The Angels Theatre Company delivers an explosive and engaging theatrical gift with “One Flew Over the Cuckoo’s Nest,” which opened Friday night at the Haymarket Theatre.
This is a presentation of the 1963 Dale Wasserman script that cleaves closely to Ken Kesey’s novel, not to be confused with the 1975 film that served as a star vehicle for Jack Nicholson.
Under the direction of Mary Douglass, the ensemble work zings along breathlessly through its 2-hour, 10-minute course with a stop for an intermission.
The action takes place in a mental hospital in Oregon where a tense tranquility reigns on a therapeutic men’s ward until a scheming inmate of a work farm decides he would rather serve the rest of his sentence by faking mental illness and pulling easy time in the hospital. The inmate is one of American literature’s great iconic figures, Randle P. McMurphy. He represents, at best, the spirit of freedom; at worst, destructive rebelliousness. He locks horns with malevolent “Big Nurse” Ratched with varying effects on the long-time residents of the ward.
Sean Schmeits returns to the stage after four years’ absence to take on the heroic role of McMurphy, and Elizabeth Govaerts is his icy nemesis Nurse Ratched. Both are veterans of the Lincoln theater scene and anchor the tension of the piece.
The play draws heavily on the narrative presence of Native patient “Chief” Bromden as the novel did on his interior monologue. This role is played with strength by Walter J. McDowell III.
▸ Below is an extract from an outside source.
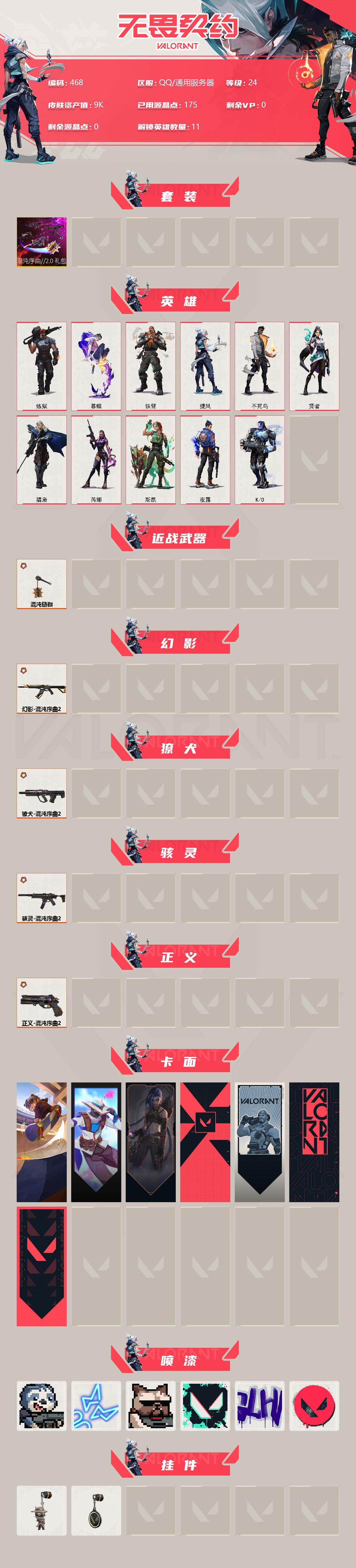[12958049]【套装】:混沌序曲//2.0套装 【英雄】:炼狱,暮蝶,铁臂,捷风,不死鸟,贤者,猎枭,芮娜,斯凯,夜露,K/O 【近战 武器】:近战武器-混沌链枷 【幻影】:幻影-混沌序曲//2.0 【獠犬】:獠犬-混沌序曲//2.0 【骇灵】:骇灵-混沌序曲//2.0 【正义】:正义-混沌序曲//2.0 【卡面】:Clutch 卡面,无畏契约GO!第一卷:零 卡面,《双城之战》金克丝 卡面,代号红色 卡面,新兵报到 卡面,V契约 卡面,无畏契约 卡面 【喷漆】:审判之爪 喷漆,霓光四射 喷漆,关门放狗 喷漆,胜利属于无畏契约 喷漆,GLHF 喷漆,无畏契约 喷漆 【挂饰】:无畏契约GO!第一卷 零 挂饰,无畏契约 纪念币 挂饰

It is fortunate indeed for Lincoln that Douglass was able to bring a group of five actors she previously directed at the Lincoln Community Playhouse in her successful “Twelve Angry Men” and cast them again in “Cuckoo’s Nest.” Along with McDowell, she cast Lyn Leach as Scanlon (wonderful, with a complete vocabulary of tics and jitters that add to the general sense of constant movement in the production), Dennis Fricks as Dale Harding, Elbert Taylor as Ruckly and Randy Hawthorne as Dr. Spivey.
Others turning in notable performances are Christian Novotny as the struggling Billy Bibbit and Larry Weixelman as the hallucinating Martini.